=== Begin Enclosure ===

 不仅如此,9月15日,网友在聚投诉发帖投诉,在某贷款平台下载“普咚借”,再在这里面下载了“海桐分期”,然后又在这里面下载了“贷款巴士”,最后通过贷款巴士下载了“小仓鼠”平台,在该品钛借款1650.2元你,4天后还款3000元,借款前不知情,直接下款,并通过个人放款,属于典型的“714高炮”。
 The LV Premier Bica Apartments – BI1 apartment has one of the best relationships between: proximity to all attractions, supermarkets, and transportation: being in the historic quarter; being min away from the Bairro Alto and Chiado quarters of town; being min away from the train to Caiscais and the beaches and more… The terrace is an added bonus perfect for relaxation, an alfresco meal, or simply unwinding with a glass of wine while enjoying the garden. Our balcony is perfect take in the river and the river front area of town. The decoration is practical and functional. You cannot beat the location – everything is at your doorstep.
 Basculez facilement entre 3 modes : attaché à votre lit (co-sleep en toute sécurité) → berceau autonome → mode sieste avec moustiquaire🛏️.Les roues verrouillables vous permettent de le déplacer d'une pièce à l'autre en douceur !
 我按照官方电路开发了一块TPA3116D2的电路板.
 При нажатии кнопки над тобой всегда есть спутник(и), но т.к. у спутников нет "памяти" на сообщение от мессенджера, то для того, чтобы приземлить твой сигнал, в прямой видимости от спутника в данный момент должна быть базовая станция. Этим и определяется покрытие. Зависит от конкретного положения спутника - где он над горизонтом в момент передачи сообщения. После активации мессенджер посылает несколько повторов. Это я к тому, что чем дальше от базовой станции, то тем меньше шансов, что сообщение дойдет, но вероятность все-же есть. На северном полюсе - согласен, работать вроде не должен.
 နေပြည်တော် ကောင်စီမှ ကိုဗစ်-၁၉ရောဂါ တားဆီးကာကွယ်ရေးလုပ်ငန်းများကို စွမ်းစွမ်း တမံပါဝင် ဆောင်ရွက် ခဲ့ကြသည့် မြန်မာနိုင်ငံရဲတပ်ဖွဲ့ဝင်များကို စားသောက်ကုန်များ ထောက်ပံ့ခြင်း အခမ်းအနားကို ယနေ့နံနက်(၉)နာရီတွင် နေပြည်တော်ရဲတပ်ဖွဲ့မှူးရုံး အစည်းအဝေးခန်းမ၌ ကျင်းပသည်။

=== End Enclosure ===
=== Begin Enclosure ===

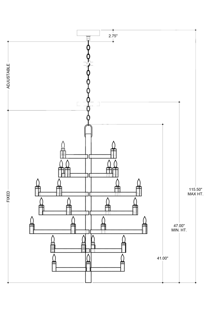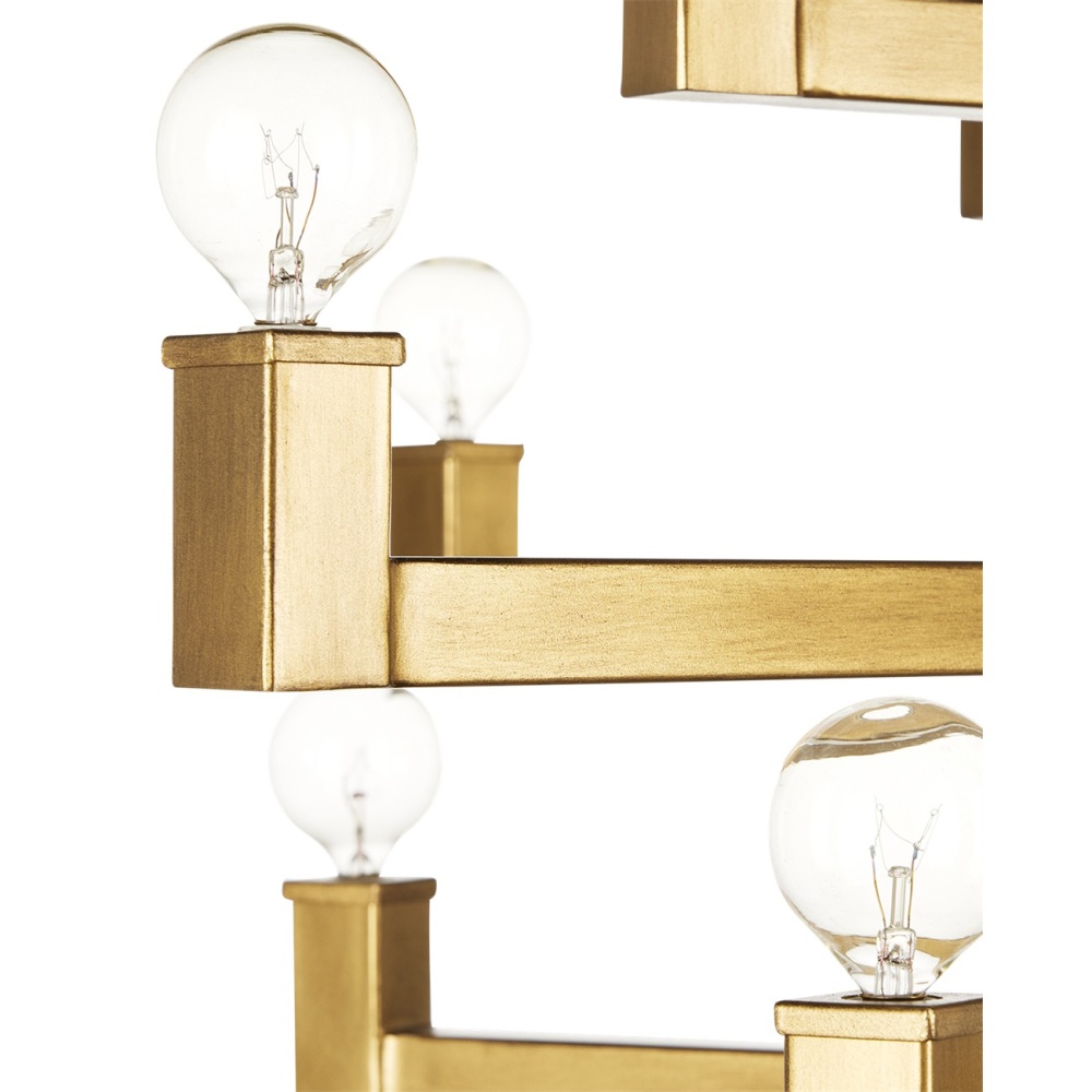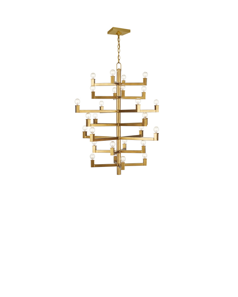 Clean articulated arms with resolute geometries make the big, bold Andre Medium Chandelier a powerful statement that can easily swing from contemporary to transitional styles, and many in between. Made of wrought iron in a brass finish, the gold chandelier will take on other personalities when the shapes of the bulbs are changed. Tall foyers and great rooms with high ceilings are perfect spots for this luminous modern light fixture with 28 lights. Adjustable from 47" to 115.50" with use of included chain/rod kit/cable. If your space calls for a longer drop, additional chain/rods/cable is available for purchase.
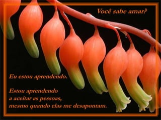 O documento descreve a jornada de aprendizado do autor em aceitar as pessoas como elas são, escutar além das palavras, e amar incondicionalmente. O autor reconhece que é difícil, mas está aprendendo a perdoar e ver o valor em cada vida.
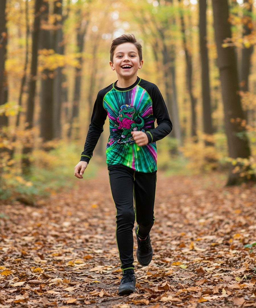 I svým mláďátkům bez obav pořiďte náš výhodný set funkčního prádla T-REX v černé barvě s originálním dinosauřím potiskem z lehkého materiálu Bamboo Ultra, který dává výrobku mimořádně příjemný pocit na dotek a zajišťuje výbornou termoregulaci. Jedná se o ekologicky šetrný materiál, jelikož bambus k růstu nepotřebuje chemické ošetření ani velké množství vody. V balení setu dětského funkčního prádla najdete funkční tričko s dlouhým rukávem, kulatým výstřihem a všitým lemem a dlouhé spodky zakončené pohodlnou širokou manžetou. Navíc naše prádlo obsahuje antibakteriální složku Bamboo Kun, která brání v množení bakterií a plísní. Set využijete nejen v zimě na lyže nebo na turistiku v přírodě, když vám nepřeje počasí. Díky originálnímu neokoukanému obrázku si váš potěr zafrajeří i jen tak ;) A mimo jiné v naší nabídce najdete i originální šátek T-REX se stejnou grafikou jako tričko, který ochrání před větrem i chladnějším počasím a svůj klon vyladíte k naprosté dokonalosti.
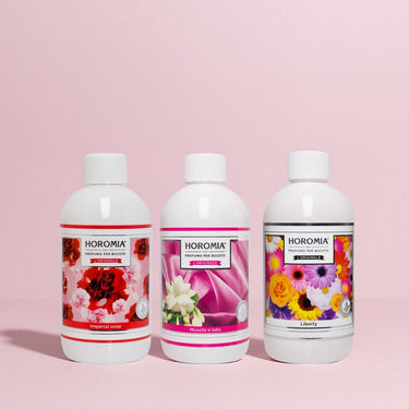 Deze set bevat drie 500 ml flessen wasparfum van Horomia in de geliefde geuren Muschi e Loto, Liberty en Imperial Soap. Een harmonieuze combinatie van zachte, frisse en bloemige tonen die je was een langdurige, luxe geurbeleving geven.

=== End Enclosure ===

THE PROBLEM: Return, with no change at all, every line in the entries above from the line containing "不仅如此,9月15日,网友在" through the line containing "При нажатии кнопки".

WRITTEN RESPONSE:
 不仅如此,9月15日,网友在聚投诉发帖投诉,在某贷款平台下载“普咚借”,再在这里面下载了“海桐分期”,然后又在这里面下载了“贷款巴士”,最后通过贷款巴士下载了“小仓鼠”平台,在该品钛借款1650.2元你,4天后还款3000元,借款前不知情,直接下款,并通过个人放款,属于典型的“714高炮”。
 The LV Premier Bica Apartments – BI1 apartment has one of the best relationships between: proximity to all attractions, supermarkets, and transportation: being in the historic quarter; being min away from the Bairro Alto and Chiado quarters of town; being min away from the train to Caiscais and the beaches and more… The terrace is an added bonus perfect for relaxation, an alfresco meal, or simply unwinding with a glass of wine while enjoying the garden. Our balcony is perfect take in the river and the river front area of town. The decoration is practical and functional. You cannot beat the location – everything is at your doorstep.
 Basculez facilement entre 3 modes : attaché à votre lit (co-sleep en toute sécurité) → berceau autonome → mode sieste avec moustiquaire🛏️.Les roues verrouillables vous permettent de le déplacer d'une pièce à l'autre en douceur !
 我按照官方电路开发了一块TPA3116D2的电路板.
 При нажатии кнопки над тобой всегда есть спутник(и), но т.к. у спутников нет "памяти" на сообщение от мессенджера, то для того, чтобы приземлить твой сигнал, в прямой видимости от спутника в данный момент должна быть базовая станция. Этим и определяется покрытие. Зависит от конкретного положения спутника - где он над горизонтом в момент передачи сообщения. После активации мессенджер посылает несколько повторов. Это я к тому, что чем дальше от базовой станции, то тем меньше шансов, что сообщение дойдет, но вероятность все-же есть. На северном полюсе - согласен, работать вроде не должен.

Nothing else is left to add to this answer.